なぜ耳の奥まで掃除してはいけないのか?

耳垢(じみ)の役割

耳垢は耳道の腺が分泌する自然な物質で、汚れやほこり、異物から耳を保護し、耳道の皮膚を健康に保つ働きがあります。

なぜ耳垢はそのままにすべきか

通常、体は必要な量だけ耳垢を作り、自然に排出されます。過剰に取り除くと、保護機能が失われ、感染や炎症のリスクが高まります。

耳垢が詰まると起こりうる症状

  • 難聴:耳道が塞がれ音が聞き取りにくくなる。
  • 耳痛:鼓膜に圧力がかかり痛みを伴う。
  • 耳鳴り(ティンナイタス):耳の中で鳴りやざわめきが生じる。
  • めまい:平衡感覚が乱れ、ふらつきを感じる。

これらの症状がある場合は、自己判断で除去せず、必ず耳鼻科医に受診してください。医師は安全に耳垢を除去し、必要に応じて他の問題も治療します。

自己処理は危険

綿棒や爪楊枝、ヘアピンなどで耳を掃除すると、耳垢が奥へ押し込まれ、症状が悪化します。
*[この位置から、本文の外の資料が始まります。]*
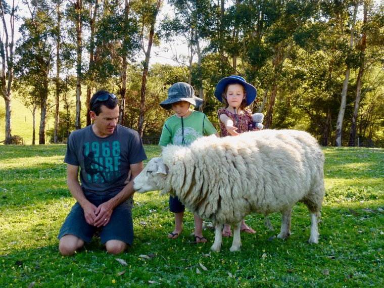 We managed to afford our little indulgences by lodging ourselves at a very affordable camp site on a working sheep station about 10 km south east of Margaret River itself. Twas a splendid property, where Amy and Oliver made their best friends of the entire trip with three girls from Mandurah, down for the school holidays. This meant that while we were not out looking at wineries, forests, lighthouses or chocolate factories they were virtually nowhere to be seen. The gang’s favourite hang outs included the cubby house tree, the aluminium can recycler (they would fish out the unsquashed cans and busily ensure they occupied less space) and the sheep paddock.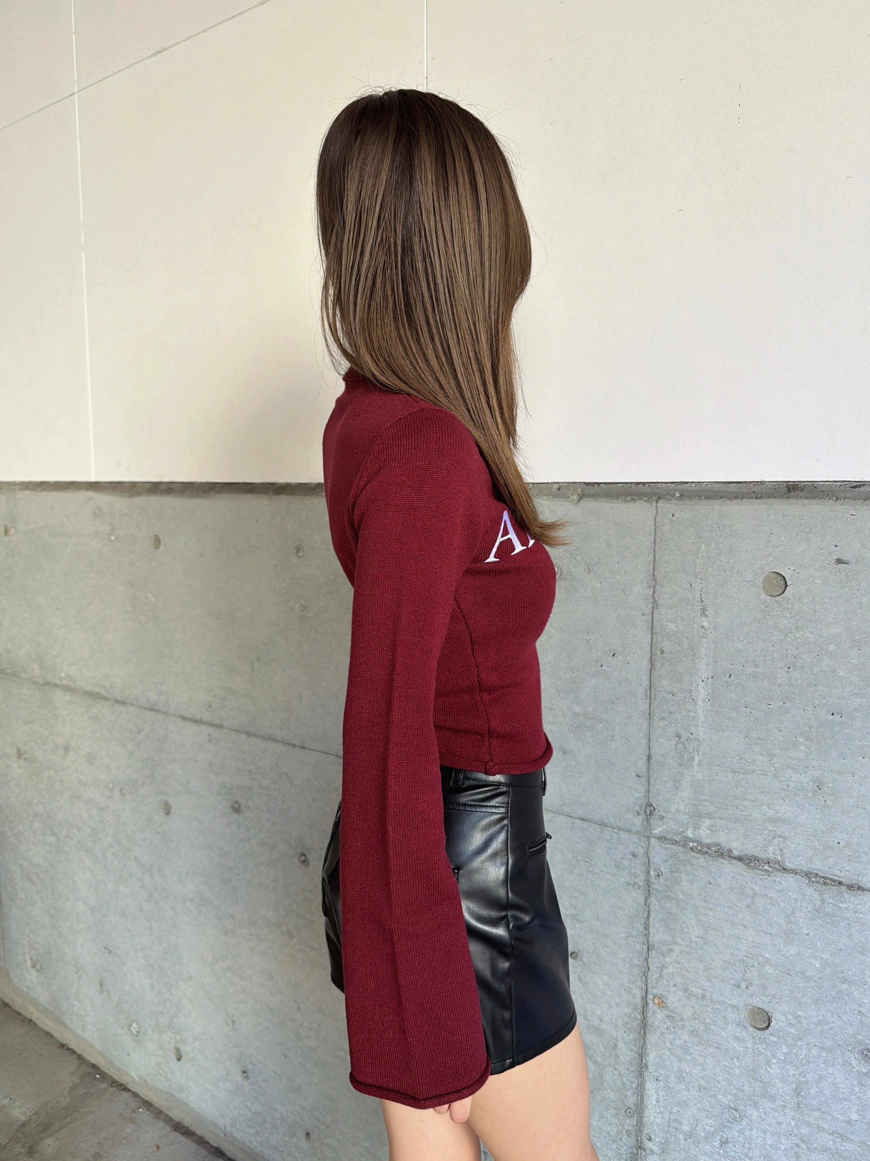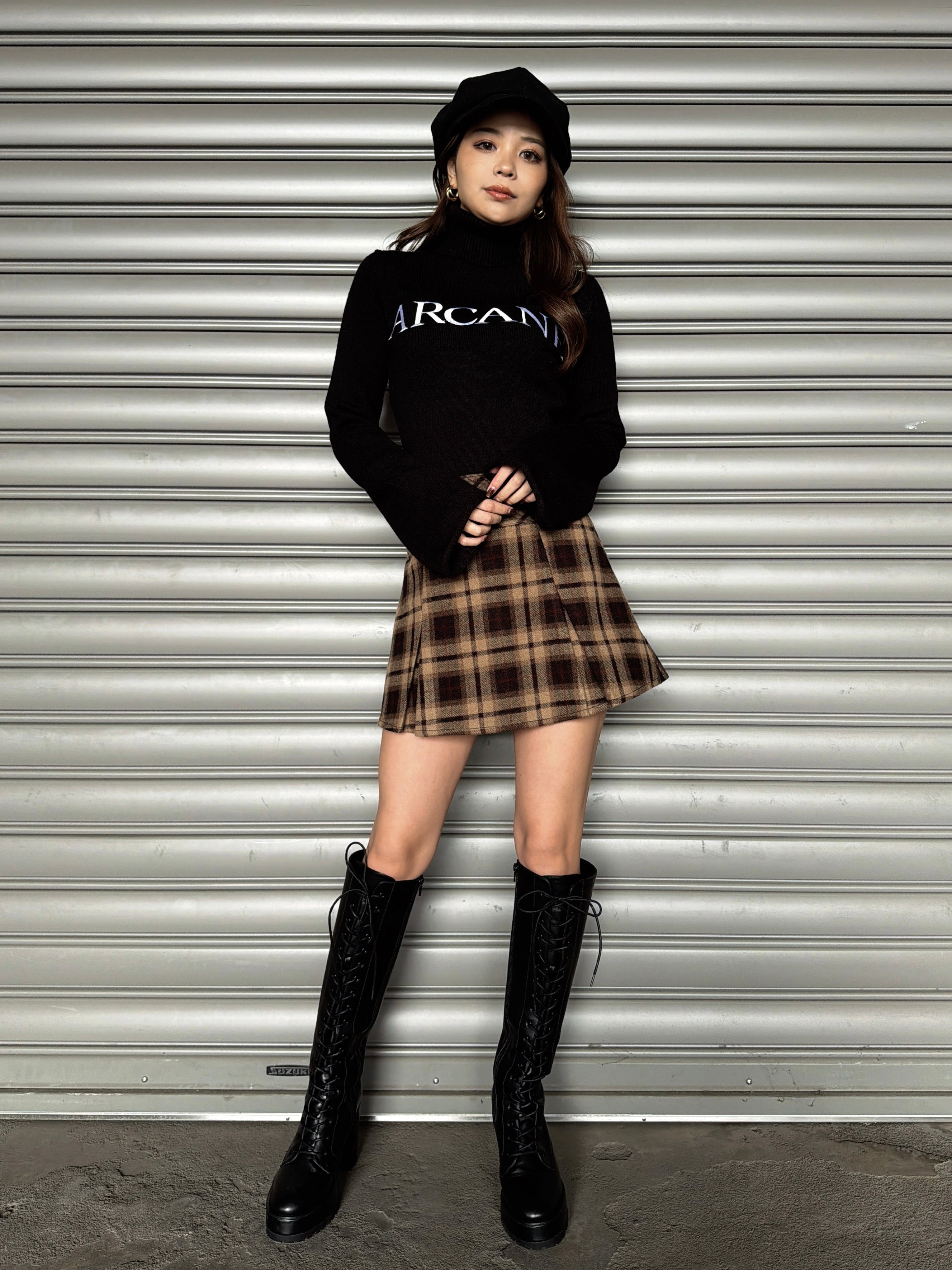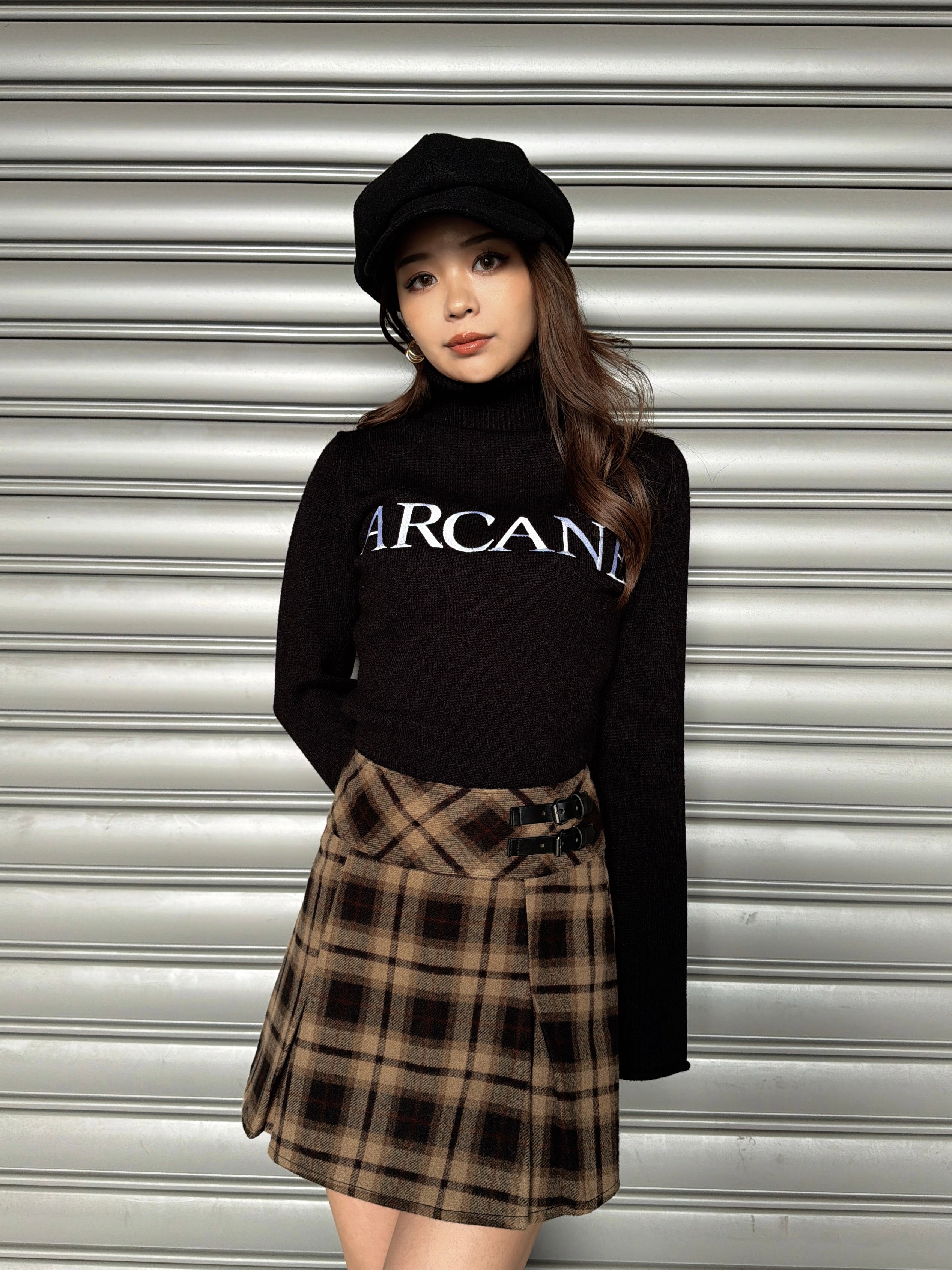 もちっと柔らかくフィット感のある糸を使用した、ショート丈タートルネックニットトップス。フロントには【ARCANE】(アーケイン:秘密の/神秘的な) という意味を持つロゴ刺繍を施しています。ロゴのフォントは大人っぽさを意識して、華奢で綺麗めな明朝体を選んでいます。袖口に向かって徐々に広がるフレアスリーブが女性らしいシルエットを演出。ボディ部分はストレッチ性のある天竺編みで、タートル部分はリブ編みにすることで首元の圧迫感を軽減し、着脱もしやすい仕様にしました。程よい厚みのある生地感はインナー使いにも最適。ジャスト丈なので、フルレングスからミニボトムまで幅広いボトムと相性抜群です。着回しができるので一枚は持っていたい万能アイテムです。
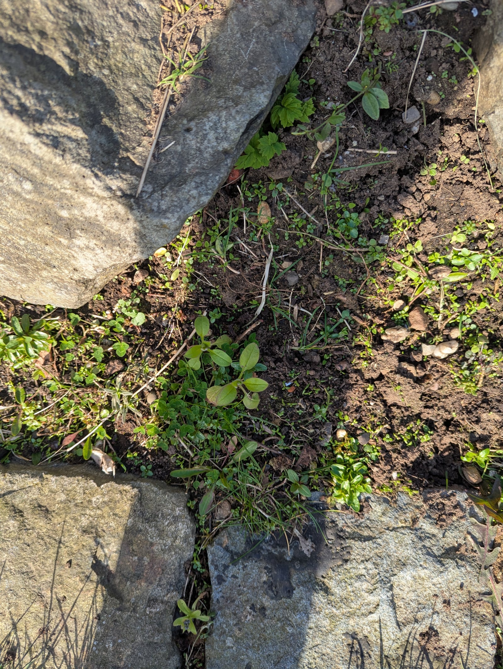Pruning is my next job. There's lots of these green bits between the rocks, what are they?

また、耳道の皮膚を傷つけ感染の原因になることもあります。

耳垢対策のポイント

  • 綿棒や爪楊枝などで耳内部を掃除しない。
  • 入浴時は温かいタオルで外側の耳を軽く拭く。
  • 水泳やシャワーで耳に水が入らないように注意する。
  • アレルギーがある場合は適切に薬を服用し、炎症を防ぐ。
  • 聴力低下や耳痛、耳鳴り、めまいなどの症状が出たら速やかに医師へ相談する。

耳垢の状態が気になるときは、まず医師に相談し、正しいケア方法を教えてもらいましょう。